I would say that you (as well as parents of every other religion) do not have the right to force your religion on anyone else and this includes children. I agree with your friend who argued that children ought to be taught all religions and choose their own, and would consider it a failing of your and all other religions to be so prescriptive and authoritarian that unless certain things are done to children unable to consent then they cannot really be a part of that religion.
I did say that I would teach my child about all religions. I would fully allow and respect my child for choosing another religion. However, as I said, their is a difference between growing up experiencing a religion and being taught about it. And I would feel that my child wouldn’t quite know what they are giving up if the choose not to be Jewish by not experiencing it.
There is a big difference between having a barmitzvah and reading about it on the Wikipedia.
s this what your argument boils down to, though? The single, core reason for you demanding rights over your child’s body is because you want them to be Jewish? If it is, all the rest you have stated (tradition, sexuality, ‘fitting in’ and the rest) are irrelevant and while I’ll still think you wrong to do it, I would have no further argument with your logic.

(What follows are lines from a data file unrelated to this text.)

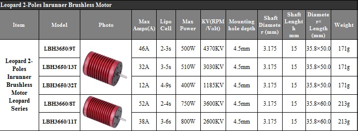 LEOPARD 2-pole 3600KV Inrunner Brushless Motor LBH3660/8T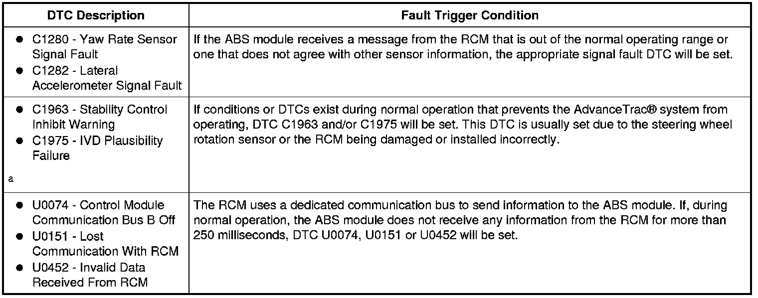 The Restraints Control Module (RCM) measures the yaw rate and vehicle acceleration, then sends the signal through a secondary, dedicated Controller Area Network (CAN) bus to the ABS module. The ABS module uses this information for AdvanceTrac(R) system operation. The ABS module also compares this information to the information it receives from other sensors (brake pedal input, steering wheel rotation sensor, etc.) to determine how valid the information is and to determine if an instability event is about to occur and if intervention is necessary.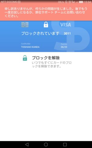 しかし、すぐにカードのブロックを解除できますとあるので、ブロックを解除すると、弊社サポートチームに問い合わせくださいとなる。

I don’t think I ever mentioned sexuality and fitting in as a reason beyond loosely commenting on them as an aspect of why I thought circumcision wasn’t harmful. Whilst their are other considerations that I would base my decision on (relative risk of something going wrong, relative health benefits) and other aspects that I would think about philosophically (rights of the child, parents rights to make decisions for their child), nothing is ever really that simple that it can be reduced to solely one point.
However the reason I would circumcise my child is because I am Jewish, and I want my child to be Jewish and my child cannot be Jewish without a bris.
Whilst it would be nice to separate the fact I am Jewish from me wanting my son to be Jewish, it’s not actually that simple, and the two are inter-linked.
I thought it was blindingly obvious from the debate that the reason I was even having this debate is because I am Jewish.
As I said to Dan (in person), this is not a philosophical debate for me, but a personal and emotional one.
So, for you, a causative factor in non-consensual circumcisions is the very fact that consent can’t be given. If you can explain to me how this is not a double-standard, I’d be very impressed. At what age did my parents lose their dominion over my genitals? Given the choice, I’d like to say age zero, please. Oh that’s right- there is no choice.
There is a difference in being able to consent and not, and not having the ability to make that decision. The same way their is a difference between someone signing a DNR when they are capable and a relative making that decision for them when they are not.
As a child your parents make decisions for you. Physical (your diet) and intellectual (your school) and others. Their dominion over them changes as you grow up and are able to make your decisions. However were you (which I hope never occurs) to get some degenerative disease their dominion over what decisions they could make for you would increase again.
So forgive me for comparing circumcision to…nonconsensual genital surgery.
You have a very good point. There are similarities when you reduce them down. However in my opinion FGM is harmful and male circumcision is not. That is partly why I see them as different, however I also think when you don’t reduce them down they are quite different on many levels.